Task requirements: From the first line to the last, set down the material exactly, leaving out its pictures.
______
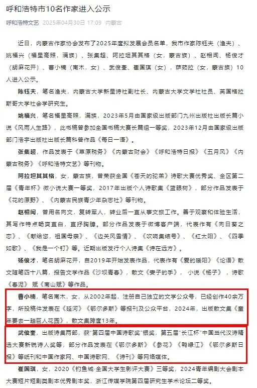 近日,内蒙古作家协会和呼和浩特市文联相继公布了2025年度内蒙古作家协会发展会员名单,我校教师武俊奎、曹小楠名字在列。学校表示热烈祝贺。
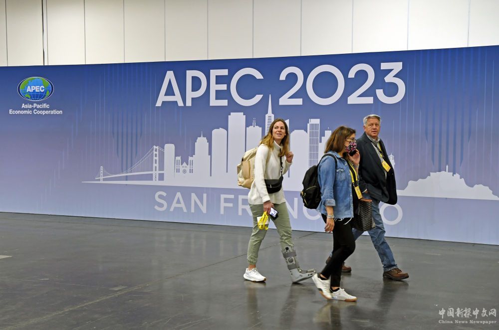 2023年11月12日,在美國舊金山,記者經(jīng)過2023年亞太經(jīng)合組織會議國際媒體中心內(nèi)的一幅海報。
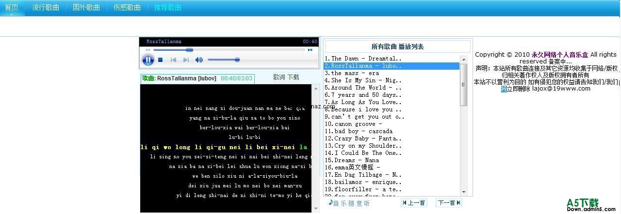 支持随机/顺序/单曲播放,支持快捷键:(Ctrl+←)转入上一首和(Ctrl+→)转入下一首;
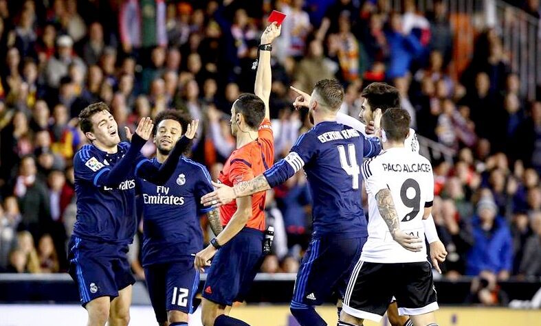 Si Sánchez Martínez dejó sin sancionar el posible penalti a Bale, tampoco quiso saber nada cuando Cristiano Ronaldo cayó en el área ante Abdennour y tras la salida de Jaume. En la continuación de la jugada, Kovacic vio la roja directa tras una fuerte entrada por detrás a Cancelo, lo que hacía prever un cambio de escenario en el partido, aunque curiosamente fue cuando reaccionó el equipo blanco. Para entonces ya no estaba en el campo Benzema, sustituido por Lucas Vázquez.
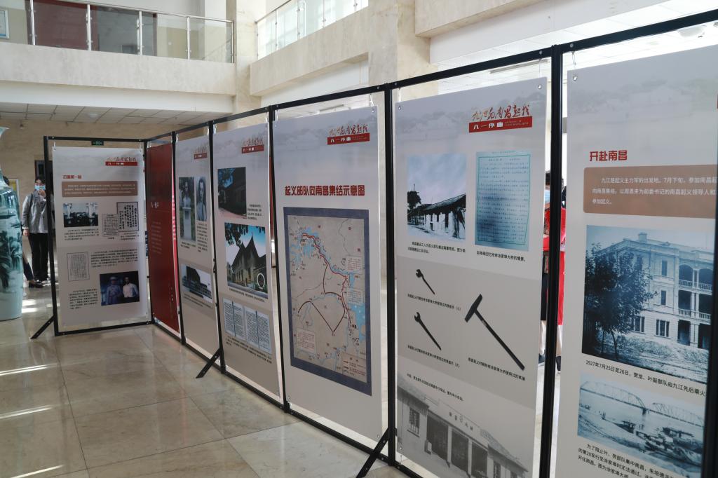 为学习贯彻习近平总书记“七一”重要讲话精神,深入开展党史学习教育,大力传承红色基因,赓续红色血脉,着力培养担当民族复兴大任的时代新人,10月12日上午,“八一序曲——九江与南昌起义”主题展览在我校开展。副校长严平,九江市文化广电新闻出版旅游局党委委员黄贤沐,九江市文物保护中心主任熊凯、副主任张浩等参观了展览。
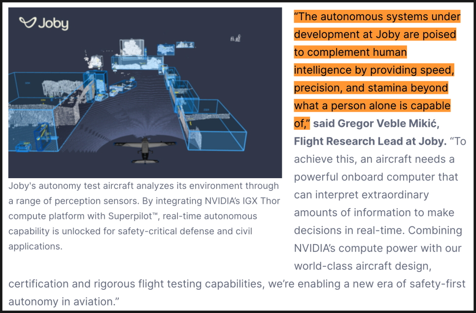 그러니까 엔비디아의 컴퓨팅 파워를 통합한 조비의 항공기는 단순히 ‘자동 운항’ 수준을 넘어, 상황 판단과 의사결정까지 수행할 수 있게 된다는 건데요.
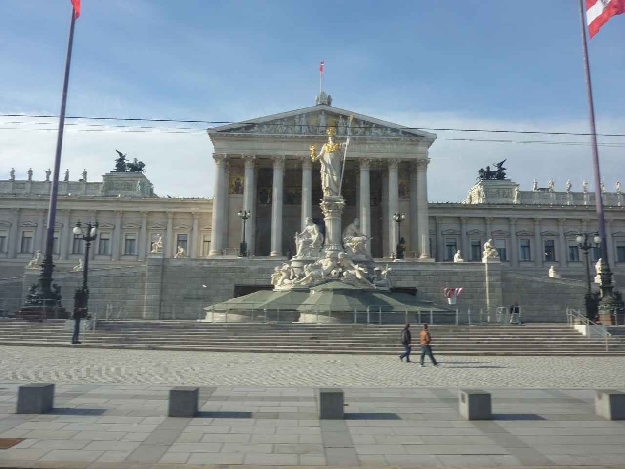 リンク周回時に見られるヘレニズム風古典様式の建物で、正面には古代ギリシャの神殿を思わせるコリント風の8本の柱が聳えています。正面のパラス・アテナの泉と呼ばれる噴水にはアテナの彫像が立っています。
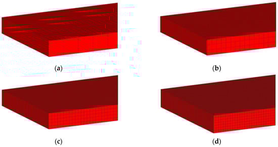 The evolution of the number of element layers in the thickness direction as a function of mesh size: (a) 200 mm mesh size and 1 layer; (b) 65 mm mesh size and 3 layers; (c) 40 mm mesh size and 5 layers; (d) 29 mm mesh size and 7 layers.
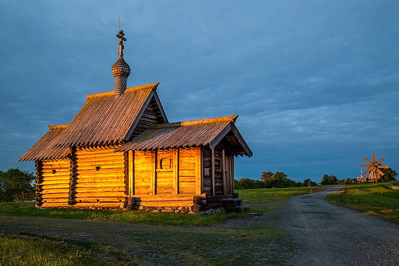 ↑ 拉撒路新生教堂,现位于卡累利阿,奥涅加湖的基日岛上,始建于1391年,被认为是保留至今的俄罗斯木造教堂中最古老的一座(再早的都无了,也没有设想图或小模子传下来,又不克不及指望那些写纪年史的教士用文字表达清晰那楼详细怎么盖的),当然传承下来的次要是构造,木材部件自己恐怕已经不晓得换过几轮了。别的,基日岛那个处所关于建筑史学界很重要,下面还会提到。
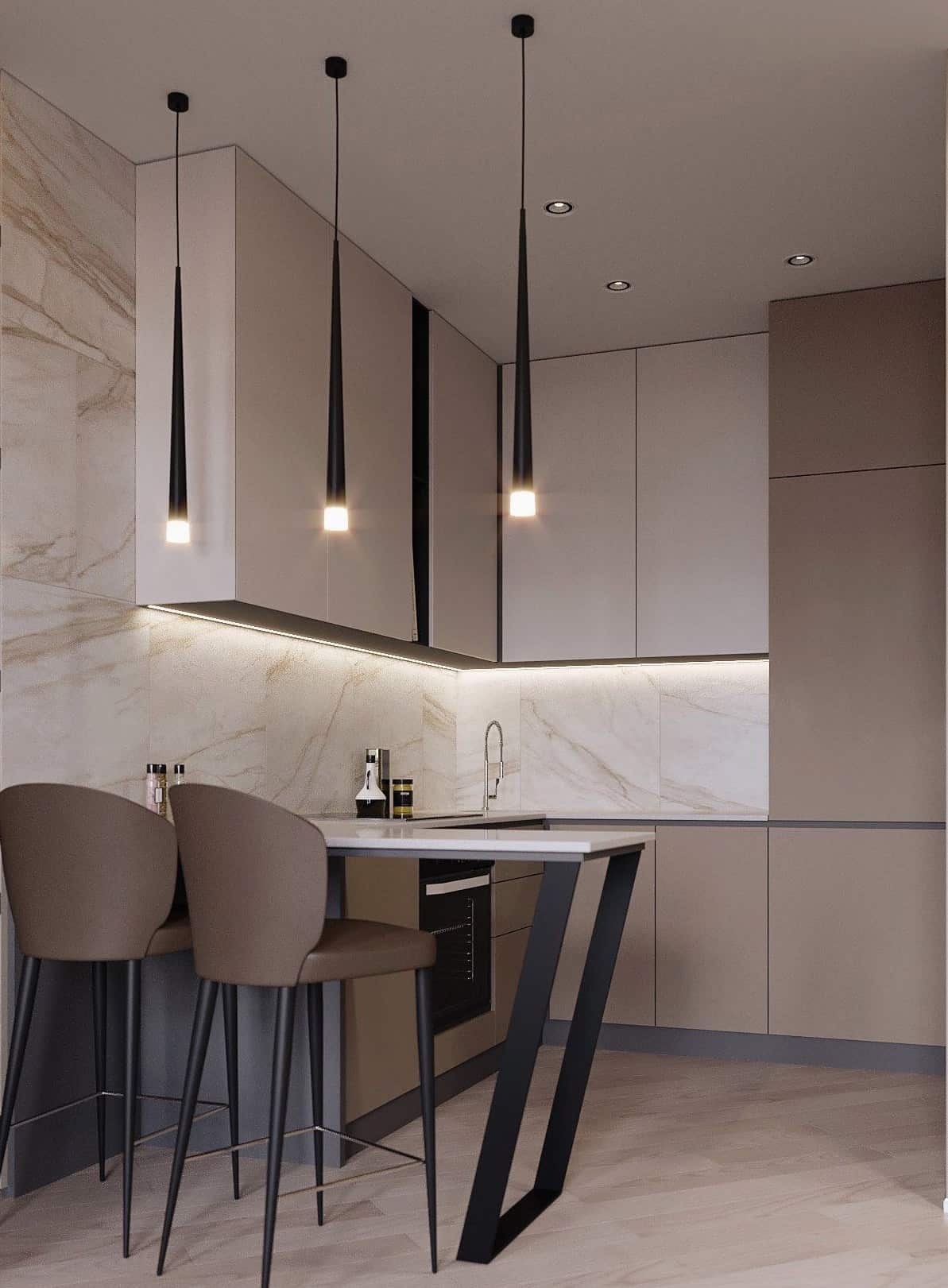 Подобный дизайн маленькой кухни 2022 обеспечивает комфорт хозяйке, делает помещение просторнее и смотрится актуально.
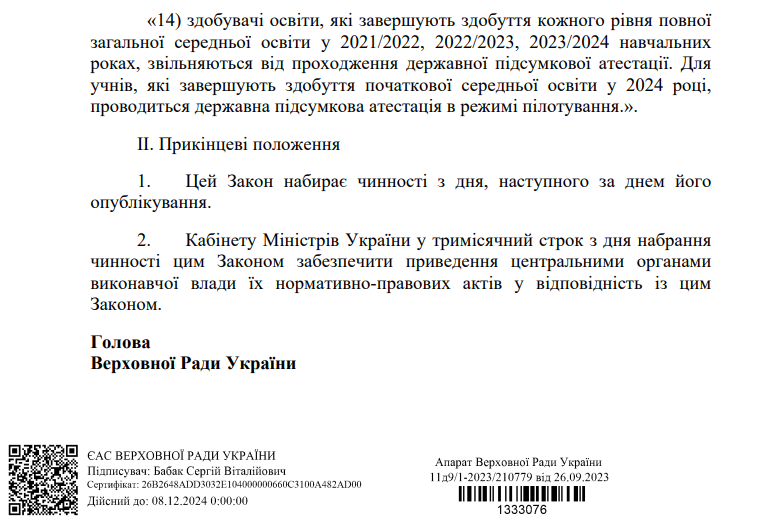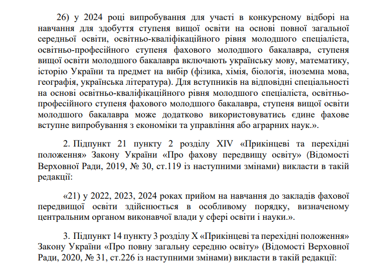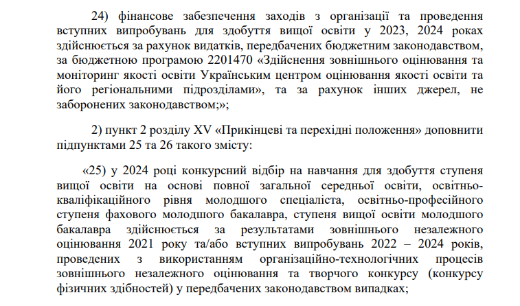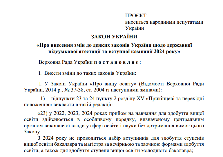 Верховная Рада 285 голосами поддержала закон, регулирующий поступление в заведения высшего образования в 2024 году.
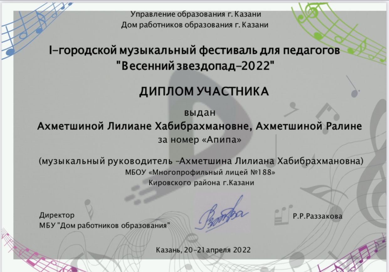 13. Профильная программа Университета талантов "Волшебство народных инструментов" (апрель, 2022). Участник - учащийся 6 класса Камалов Рамиль (балалайка), преп. Ахметшина Л.Х. ФОТО 1 ФОТО 2 ФОТО 3 Сертификат
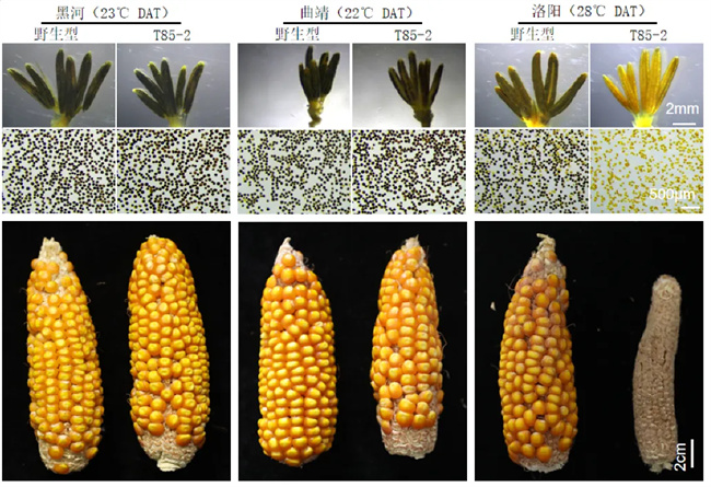 全國14個生態試驗點鑒定了揭示了突變體地理-溫度-雄花育性耦合規律:北方春玉米區(黑河、佳木斯)、黃淮海北部(北京、石家莊)及西南高海拔區(曲靖)等日均溫≤25℃區域,育性正常,適合繁親;黃淮海南部(洛陽、新鄉)、南方丘陵區(南京、武漢)及西北干旱區等日均溫≥28℃區域,突變體雄性不育,適宜于繁雜(圖2)。
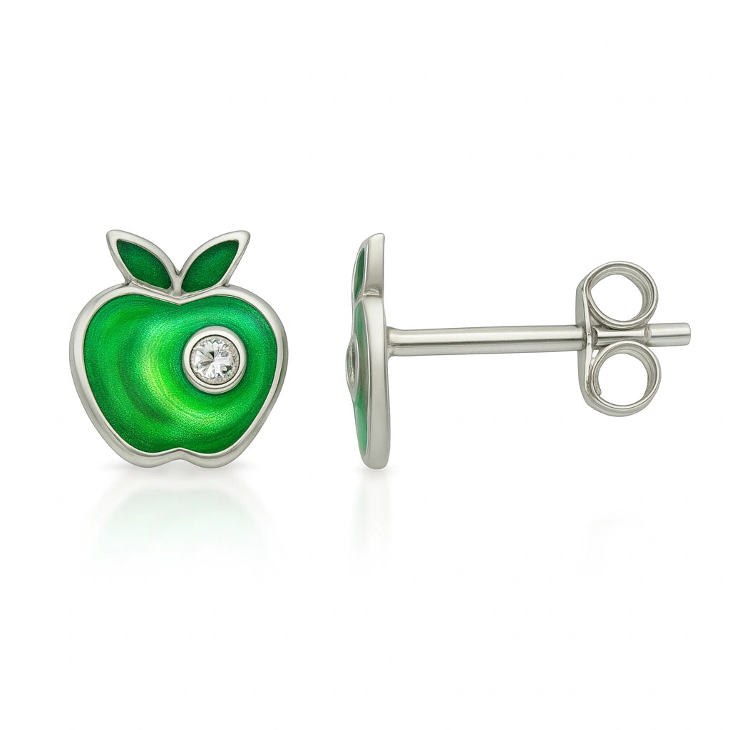 These children's apple earrings are perfect for special occasions, parties, family celebrations, or any time your little one wants to add some sparkle to their outfit. The durable sterling silver construction means they can be treasured for years to come. Also available in bright green for those who prefer a different colour option.
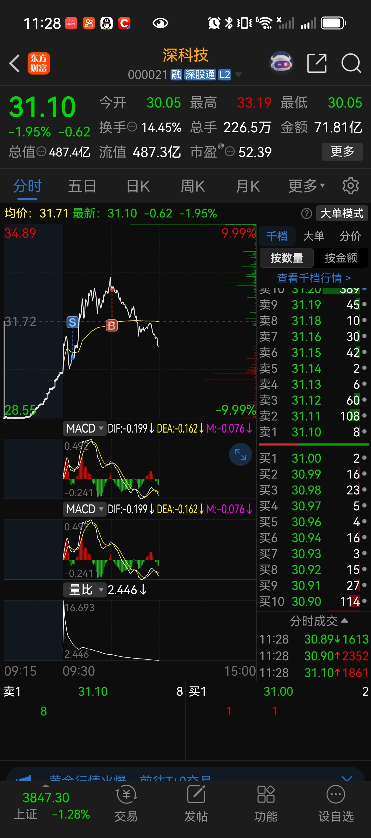 $深科技(SZ000021)$ 这股票能玩???跟管控账户一样。。。
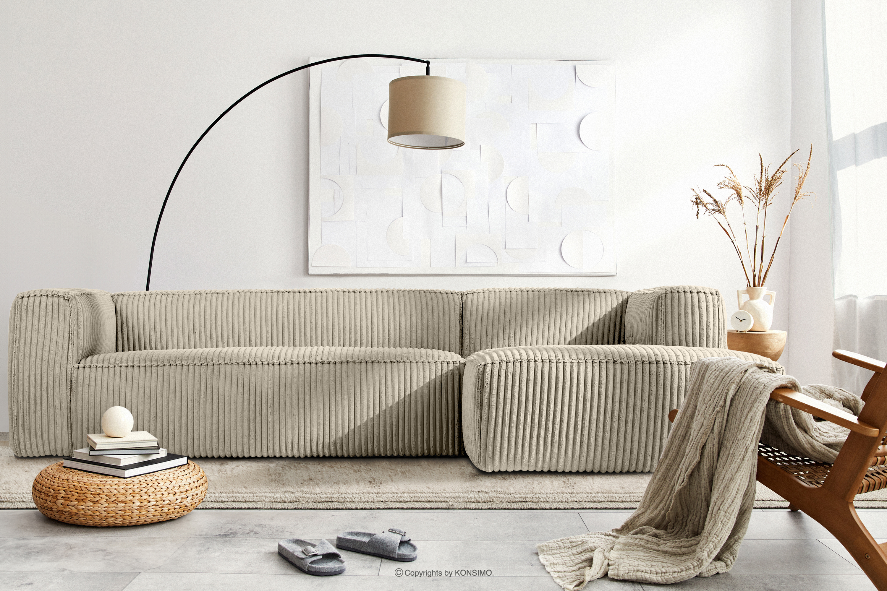 FEROX zobacz całą kolekcję Duży beżowy narożnik w tkaninie sztruks prawy- kolor beżowy
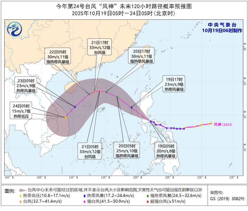预计,“风神”将以每小时30-35公里的速度向西北方向移动,今天傍晚前后进入南海东部海面,强度逐渐加强,最强可达强热带风暴级或台风级(30-35米/秒,11-12级);21日白天开始受南下冷空气影响,在南海北部海面转向西南方向移动,强度逐渐减弱。
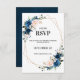Romantic Navy blue Blush Pink Floral Geometric RSVP Card
______
Your solution:
 近日,内蒙古作家协会和呼和浩特市文联相继公布了2025年度内蒙古作家协会发展会员名单,我校教师武俊奎、曹小楠名字在列。学校表示热烈祝贺。
 2023年11月12日,在美國舊金山,記者經(jīng)過2023年亞太經(jīng)合組織會議國際媒體中心內(nèi)的一幅海報。
 支持随机/顺序/单曲播放,支持快捷键:(Ctrl+←)转入上一首和(Ctrl+→)转入下一首;
 Si Sánchez Martínez dejó sin sancionar el posible penalti a Bale, tampoco quiso saber nada cuando Cristiano Ronaldo cayó en el área ante Abdennour y tras la salida de Jaume. En la continuación de la jugada, Kovacic vio la roja directa tras una fuerte entrada por detrás a Cancelo, lo que hacía prever un cambio de escenario en el partido, aunque curiosamente fue cuando reaccionó el equipo blanco. Para entonces ya no estaba en el campo Benzema, sustituido por Lucas Vázquez.
 为学习贯彻习近平总书记“七一”重要讲话精神,深入开展党史学习教育,大力传承红色基因,赓续红色血脉,着力培养担当民族复兴大任的时代新人,10月12日上午,“八一序曲——九江与南昌起义”主题展览在我校开展。副校长严平,九江市文化广电新闻出版旅游局党委委员黄贤沐,九江市文物保护中心主任熊凯、副主任张浩等参观了展览。
 그러니까 엔비디아의 컴퓨팅 파워를 통합한 조비의 항공기는 단순히 ‘자동 운항’ 수준을 넘어, 상황 판단과 의사결정까지 수행할 수 있게 된다는 건데요.
 リンク周回時に見られるヘレニズム風古典様式の建物で、正面には古代ギリシャの神殿を思わせるコリント風の8本の柱が聳えています。正面のパラス・アテナの泉と呼ばれる噴水にはアテナの彫像が立っています。
 The evolution of the number of element layers in the thickness direction as a function of mesh size: (a) 200 mm mesh size and 1 layer; (b) 65 mm mesh size and 3 layers; (c) 40 mm mesh size and 5 layers; (d) 29 mm mesh size and 7 layers.
 ↑ 拉撒路新生教堂,现位于卡累利阿,奥涅加湖的基日岛上,始建于1391年,被认为是保留至今的俄罗斯木造教堂中最古老的一座(再早的都无了,也没有设想图或小模子传下来,又不克不及指望那些写纪年史的教士用文字表达清晰那楼详细怎么盖的),当然传承下来的次要是构造,木材部件自己恐怕已经不晓得换过几轮了。别的,基日岛那个处所关于建筑史学界很重要,下面还会提到。
 Подобный дизайн маленькой кухни 2022 обеспечивает комфорт хозяйке, делает помещение просторнее и смотрится актуально.
 Верховная Рада 285 голосами поддержала закон, регулирующий поступление в заведения высшего образования в 2024 году.
 13. Профильная программа Университета талантов "Волшебство народных инструментов" (апрель, 2022). Участник - учащийся 6 класса Камалов Рамиль (балалайка), преп. Ахметшина Л.Х. ФОТО 1 ФОТО 2 ФОТО 3 Сертификат
 全國14個生態試驗點鑒定了揭示了突變體地理-溫度-雄花育性耦合規律:北方春玉米區(黑河、佳木斯)、黃淮海北部(北京、石家莊)及西南高海拔區(曲靖)等日均溫≤25℃區域,育性正常,適合繁親;黃淮海南部(洛陽、新鄉)、南方丘陵區(南京、武漢)及西北干旱區等日均溫≥28℃區域,突變體雄性不育,適宜于繁雜(圖2)。
 These children's apple earrings are perfect for special occasions, parties, family celebrations, or any time your little one wants to add some sparkle to their outfit. The durable sterling silver construction means they can be treasured for years to come. Also available in bright green for those who prefer a different colour option.
 $深科技(SZ000021)$ 这股票能玩???跟管控账户一样。。。
 FEROX zobacz całą kolekcję Duży beżowy narożnik w tkaninie sztruks prawy- kolor beżowy
预计,“风神”将以每小时30-35公里的速度向西北方向移动,今天傍晚前后进入南海东部海面,强度逐渐加强,最强可达强热带风暴级或台风级(30-35米/秒,11-12级);21日白天开始受南下冷空气影响,在南海北部海面转向西南方向移动,强度逐渐减弱。
Romantic Navy blue Blush Pink Floral Geometric RSVP Card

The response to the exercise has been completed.